Brightly colored, highly illustrated and detailed posters covered the walls. Last Friday in the spacious Live Oak Pavilion more than forty graduate students gathered to show off their research.
The posters read like electrical engineering diagrams in a foreign language, but they were well designed and the grad students who created them were always within earshot to explain their work. No matter how little you understood, they kept trying to relate the information to what a student in another field could understand, most of the time it worked.
“We wanted to bring graduate students together to represent their college, and to acknowledge researchers hard work being done here at FAU,” said Chip Day, the Information Coordinator for the Agency of Graduate Concerns.
FAU currently enrolls over a thousand graduate students in a hundred fields.

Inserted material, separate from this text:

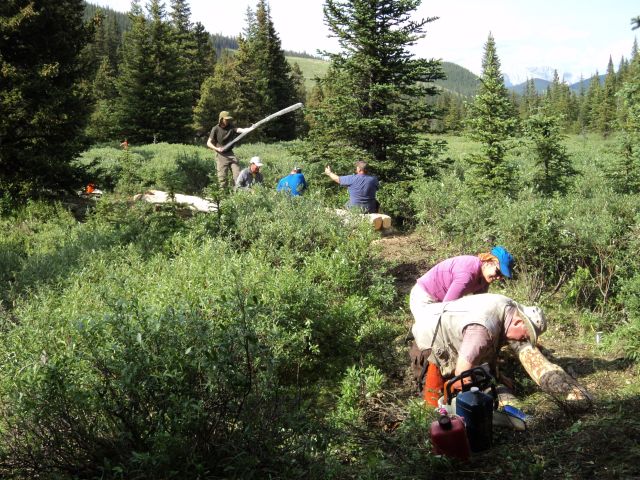 In the cut-block section, which has caused many people problems over the past years, a full day of chainsaw and Pulaski work has cleared the deadfall off the old trail in the upper block, and laid down a new path tread in the lower one. With this work, plus clearing all the way up to Lunch Stop Meadow, we hope some outfitters will start using this section of trail again, and help really establish it.

The University is in the process of becoming one of the top research schools in the state of Florida.
“We want FAU to be known as a tier one research university,” stated Director Ram Chandrasekhar from the AGC in his opening speech to the crowd.

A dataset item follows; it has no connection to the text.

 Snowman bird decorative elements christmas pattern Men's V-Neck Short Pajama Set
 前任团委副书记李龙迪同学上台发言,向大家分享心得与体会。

The main organizers of the event, Chip Day and President Zuzana Zajickova of the Graduate Student Association had a specific goal in mind for this event. Day said, “We wanted to open up lines of communication between usually isolated departments and colleges.”
The symposium was held in two separate rooms, one contained the science related projects, and the other was a grouping of all other fields that was labeled multi-disciplinary.
While the event ended up being mainly a science crowd, Chandrasekhar said, “We encourage all departments to get involved.”
The opening speech by Chandrasekhar was followed by the Poster Session where graduate students competed with each other in front of the panel of judges. The judges ranged from Dr. Frain from the Education department to Dr. Gary Perry Associate Dean and professor of Neuroscience.
The first place winners of the session, Mikki McComb for science, and Abu Asaduzzaman for the multi-discipline section received $100 gift certificates for Barnes and Noble. Second place winners were given $50, and third got $25.
Chandrasekhar said, “We want to solidify this as an annual event.” The AGC’s main goal is to bring together research from all fields. Several graduate departments were not at the event presenting work.